Setelah berbulan-bulan analisis, peneliti akhirnya menemukan bahwa file klien yang rusak adalah hasil dari bug di kernel Linux. Dia menemukan cara untuk mengeksploitasi Dirty Pipe untuk mengizinkan siapa pun yang memiliki akun, termasuk akun "tidak ada" yang memiliki hak istimewa, untuk menambahkan kunci SSH ke akun pengguna root.

Untuk memicu kerentanan, Kellerman membagikan bukti konsepnya, penyerang harus memiliki izin baca.

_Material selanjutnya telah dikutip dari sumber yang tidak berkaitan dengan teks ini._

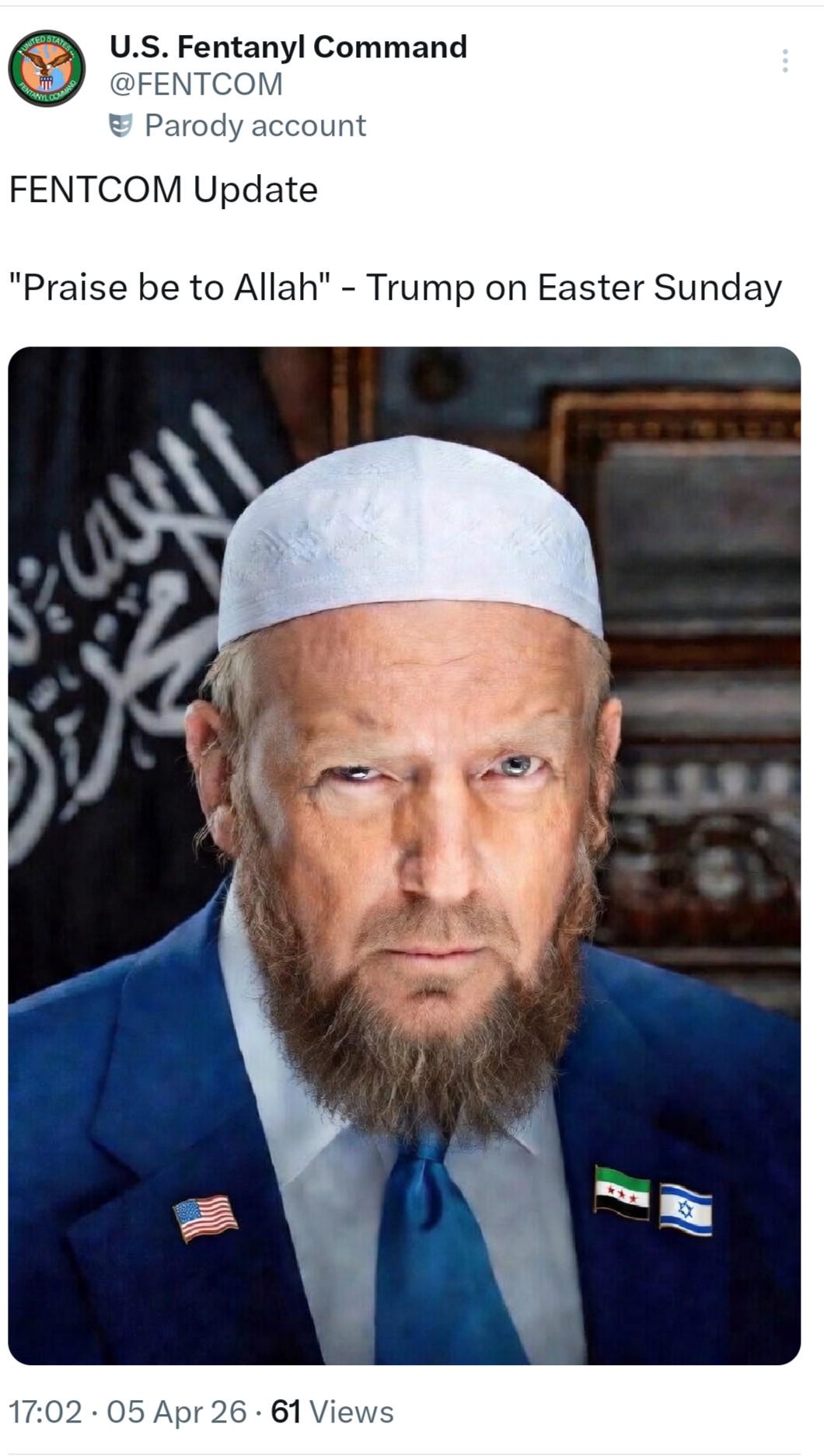 Ss: No wonder Trump was singing the praises of an Al-Qaeda leader. Now it all makes sense. People were debating DJT’s conversion to Judaism and his close ties to Chabad-Lubavitch, but it was just a masterful diversion. Donald was actually a Muslim all along.

Selain itu, pengguliran tidak boleh berada pada batas halaman, penulisan tidak dapat melewati batas halaman, dan ukuran file tidak dapat diubah.

Untuk mengeksploitasi kerentanan ini, Anda harus: membuat pipa, mengisi pipa dengan data arbitrer (dengan menyetel flag PIPE_BUF_FLAG_CAN_MERGE pada semua entri di ring), mengosongkan pipa (membiarkan flag disetel pada semua instance struktur pipe_buffer dalam struktur dari ring pipe_inode_info), gabungkan data dari file target (dibuka dengan O_RDONLY) ke dalam pipa tepat sebelum offset target, dan tulis data arbitrer ke pipa.

Dirty Pipe juga memengaruhi versi Android apa pun yang didasarkan pada salah satu versi kernel Linux yang rentan. Karena Android sangat terfragmentasi, model perangkat yang terpengaruh tidak dapat dilacak secara seragam.

Menurut Kellerman, Google menggabungkan perbaikan bug dengan kernel Android bulan lalu, tepat setelah diperbaiki dengan rilis kernel Linux versi 5.16.11, 5.15.25 dan 5.10.102.

Karena itu, kami mungkin harus menunggu sebentar sebelum OEM mulai meluncurkan pembaruan Android yang berisi perbaikan. Pixel 6 Google, misalnya, masih rentan, tetapi pengguna tingkat lanjut dapat mengurangi kekurangannya dengan memasang kernel aftermarket yang ditambal khusus sebagai opsi alternatif.

Pengembang kernel Linux merilis perbaikan (5.16.11, 5.15.25, 5.10.102) pada 23 Februari, sementara Google menambal kernel Android pada 24 Februari. Kellermann dan pakar lainnya membandingkan kerentanan dengan CVE-2016-5195 “Sapi Kotor” dan mereka mengatakan itu lebih mudah untuk dieksploitasi.

Terakhir, jika Anda tertarik untuk mengetahuinya lebih lanjut, Anda bisa melihat detailnya Di tautan berikut.